What the 2028 Companies House Changes Mean for SMEs
FIS Members, (particularly small and medium sized enterprises (SMEs), should start preparing now for a significant shift in Companies House reporting rules. While much of the focus has been on digitalisation, the more immediate issue for many businesses is how to avoid unintentionally putting sensitive financial information into the public domain.
From April 2028, small companies and micro‑entities will, for the first time, be required to file a profit and loss account with Companies House as part of their annual accounts. At the same time, all companies will have to move to fully digital filing using commercial software, with web and paper submissions withdrawn.
These changes sit within a wider package of reforms under the Economic Crime and Corporate Transparency Act 2023, intended to improve the quality and usability of financial information on the public register and strengthen the UK’s ability to tackle economic crime.
The key point: your profit and loss account may be exposed unless you act
Although companies will be required to submit their profit and loss account, the government has confirmed an important concession: SMEs will still be able to prevent that information from being made public.
This effectively creates a two‑tier system in which:
- Companies House and enforcement bodies receive full financial data, including the profit and loss account,
- But the public version of the accounts can exclude that information, if the company chooses to opt out.
It is important to note, however, that this protection will not be automatic.
The detail that should concern SMEs is that the opt‑out process itself has not yet been defined. Companies House has confirmed that the option will exist, but not how it will operate in practice.
Why you should consider opting out
For many SMEs, profit and loss accounts contain some of the most commercially sensitive information in the business that could allow interogation of margins, cost structures, and performance trends that could materially affect relationships with competitors, clients and suppliers.
Historically, smaller companies have been able to limit what they disclose publicly. These reforms change that balance by requiring full submission of the data, even if publication can be controlled.
The move to mandatory digital filing (iXBRL through commercial software) reinforces the likelihood that the opt‑out will be embedded somewhere in the submission process, potentially as a selection, declaration or tagging choice within the software itself.
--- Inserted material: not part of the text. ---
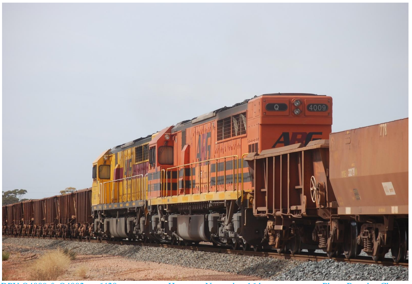
DPU Q4009 & Q4002 on 6420 empty ore at Hampton November 16th.

That means the responsibility for protecting sensitive information is likely to sit not just with the company in principle, but with whoever is actually preparing and submitting the accounts in practice.
The practical implication: doing nothing may mean disclosure
While full procedural detail is still to come, the direction of travel is clear enough for SMEs to act now.
It would be unsafe to assume that:
- Non‑publication will be the default, or
- The opt‑out will be applied automatically by software or advisers
Instead, the prudent assumption is that opting out will require a conscious, positive step at the point of filing.
If that step is missed, whether through misunderstanding, process gaps or simple oversight, the profit and loss account could be published, with limited scope to reverse the situation once the information is in the public domain.
What SMEs should do now
Even without final guidance, there are some immediate, practical steps businesses can take to protect themselves.
First, SMEs should ensure that whoever is responsible for preparing and filing their accounts—whether an external accountant or an internal finance function, is fully aware that protecting the profit and loss account will require active management under the new regime.
Second, this issue should be built into normal financial processes. It should not be left as an ad hoc decision at filing stage, but treated as a standard instruction and checklist item within the year‑end accounts process.
Finally, businesses should keep a close eye on further announcements. The detail of the opt‑out mechanism is still awaited, and will ultimately determine exactly how the risk needs to be managed in practice. FIS will continue to work closely with Institute of Chartered Accountants England and Wales (ICAEW) on this and will provide further guidance as soon as this becomes clear.
Key Takeaway
For SMEs, the immediate takeaway is:
From 2028, you will have to file more financial information than before, but whether that information becomes public will depend on whether you (or your agent) take the right action at the right moment.
Getting that step right will be essential to protecting commercially sensitive financial data in the new reporting landscape.